All of lore.kernel.org
 help / color / mirror / Atom feed
From: "Sean V Kelley" <sean.v.kelley@intel.com>
To: "Jonathan Cameron" <Jonathan.Cameron@Huawei.com>
Cc: bhelgaas@google.com, rjw@rjwysocki.net, tony.luck@intel.com,
	"Raj, Ashok" <ashok.raj@intel.com>,
	sathyanarayanan.kuppuswamy@linux.intel.com,
	linux-pci@vger.kernel.org, linux-kernel@vger.kernel.org
Subject: Re: [RFC PATCH 0/9] Add RCEC handling to PCI/AER
Date: Mon, 27 Jul 2020 07:56:35 -0700	[thread overview]
Message-ID: <E04FFB14-95BA-4D04-BC53-037B5EB2FE80@intel.com> (raw)
In-Reply-To: <20200727133736.00001066@Huawei.com>

Hi Jonathan,

On 27 Jul 2020, at 5:37, Jonathan Cameron wrote:

> On Fri, 24 Jul 2020 10:22:14 -0700
> Sean V Kelley <sean.v.kelley@intel.com> wrote:
>
>> Root Complex Event Collectors (RCEC) provide support for terminating 
>> error
>> and PME messages from Root Complex Integrated Endpoints (RCiEPs).  An 
>> RCEC
>> resides on a Bus in the Root Complex.

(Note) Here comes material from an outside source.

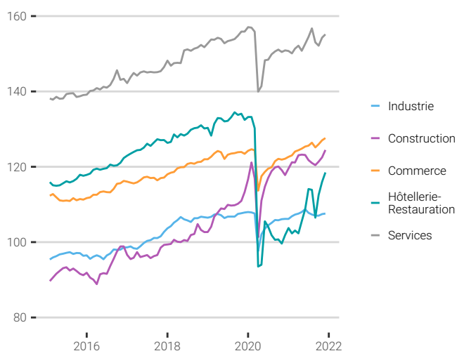
Fig. 2. Évolution des indices par secteur d'activités

Source : CPS - ISPF, données corrigées des variations saisonnières (CVS) Indice 100 en janvier 2000

Multiple RCECs can in fact 
>> reside on
>> a single bus. An RCEC will explicitly declare supported RCiEPs 
>> through the
>> Root Complex Endpoint Association Extended Capability.
>>
>> (See PCIe 5.0-1, sections 1.3.2.3 (RCiEP), and 7.9.10 (RCEC Ext. 
>> Cap.))
>>
>> The kernel lacks handling for these RCECs and the error messages 
>> received
>> from their respective associated RCiEPs. More recently, a new CPU
>> interconnect, Compute eXpress Link (CXL) depends on RCEC capabilities 
>> for
>> purposes of error messaging from CXL 1.1 supported RCiEP devices.
>>
>> DocLink: https://www.computeexpresslink.org/
>>
>> This use case is not limited to CXL. Existing hardware today includes
>> support for RCECs, such as the Denverton microserver product
>> family. Future hardware will be forthcoming.
>>
>> (See Intel Document, Order number: 33061-003US)
>>
>> So services such as AER or PME could be associated with an RCEC 
>> driver.
>> In the case of CXL, if an RCiEP (i.e., CXL 1.1 device) is associated 
>> with a
>> platform's RCEC it shall signal PME and AER error conditions through 
>> that
>> RCEC.
>>
>> Towards the above use cases, add the missing RCEC class and extend 
>> the
>> PCIe Root Port and service drivers to allow association of RCiEPs to 
>> their
>> respective parent RCEC and facilitate handling of terminating error 
>> and PME
>> messages.
>
> Silly question number 1.  Why an RFC? I always find it helps to 
> highlight which
> bits you are unsure on / want particular input on.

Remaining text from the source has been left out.